Your objective:
Look below for the line containing "乒乓高高手是一款乒乓球题材的"; from there, print each line exactly up to and including the line containing "Синий рубашечный воротник, логотипная", and stop.

===== Records for the task

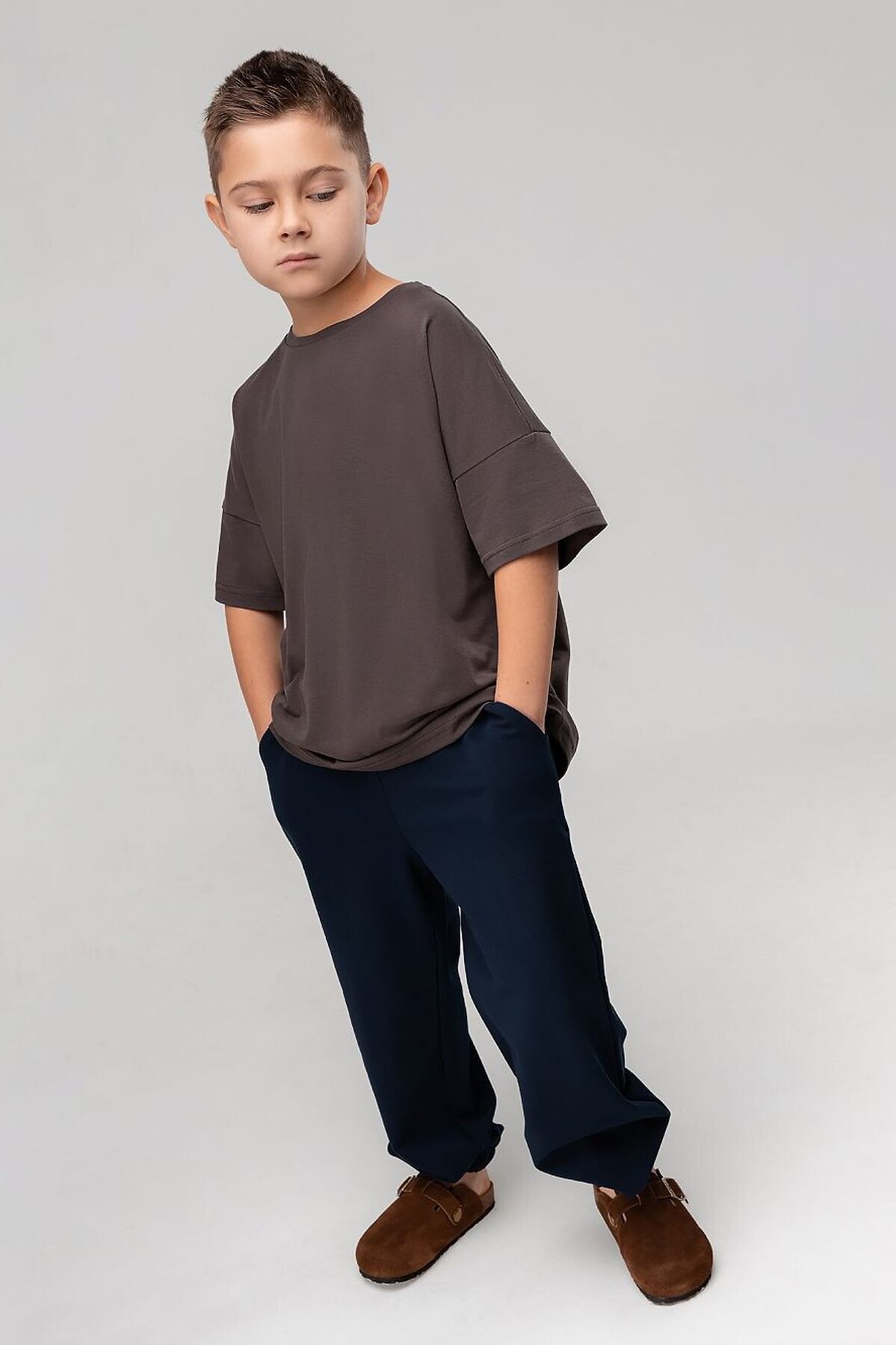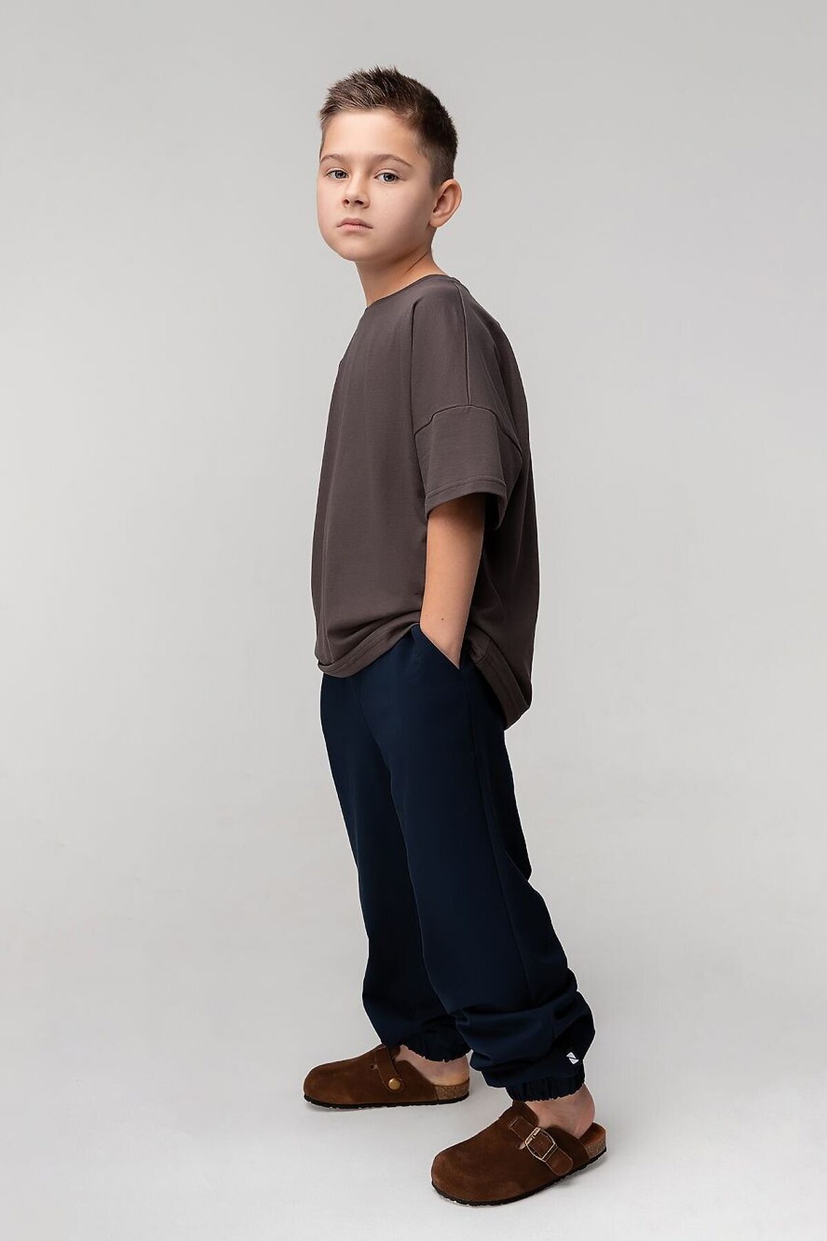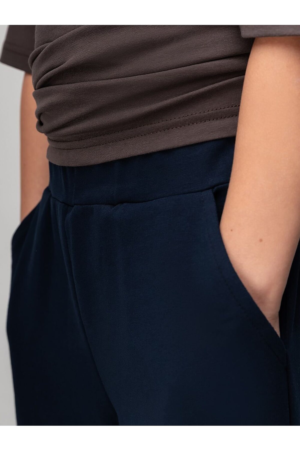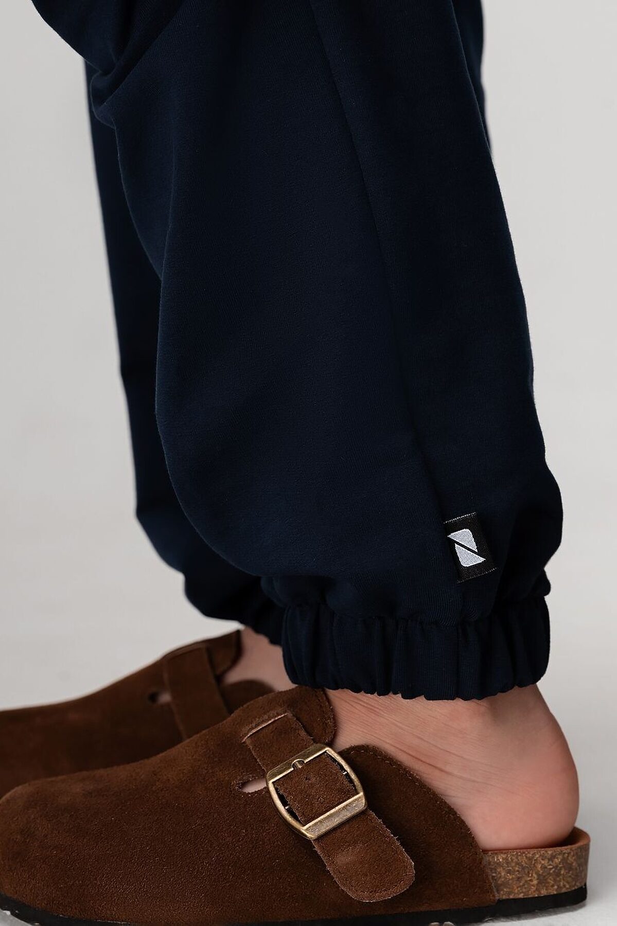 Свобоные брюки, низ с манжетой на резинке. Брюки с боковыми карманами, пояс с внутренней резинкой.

==========
===== Records for the task

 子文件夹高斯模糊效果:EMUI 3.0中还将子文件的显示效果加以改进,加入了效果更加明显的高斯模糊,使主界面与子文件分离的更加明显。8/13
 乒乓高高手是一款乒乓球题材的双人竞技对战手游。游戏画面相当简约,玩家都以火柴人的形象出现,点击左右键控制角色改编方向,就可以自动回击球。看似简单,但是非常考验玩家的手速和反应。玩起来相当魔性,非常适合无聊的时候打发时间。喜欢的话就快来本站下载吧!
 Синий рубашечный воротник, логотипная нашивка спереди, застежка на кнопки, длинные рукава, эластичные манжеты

==========

Response area:
 乒乓高高手是一款乒乓球题材的双人竞技对战手游。游戏画面相当简约,玩家都以火柴人的形象出现,点击左右键控制角色改编方向,就可以自动回击球。看似简单,但是非常考验玩家的手速和反应。玩起来相当魔性,非常适合无聊的时候打发时间。喜欢的话就快来本站下载吧!
 Синий рубашечный воротник, логотипная нашивка спереди, застежка на кнопки, длинные рукава, эластичные манжеты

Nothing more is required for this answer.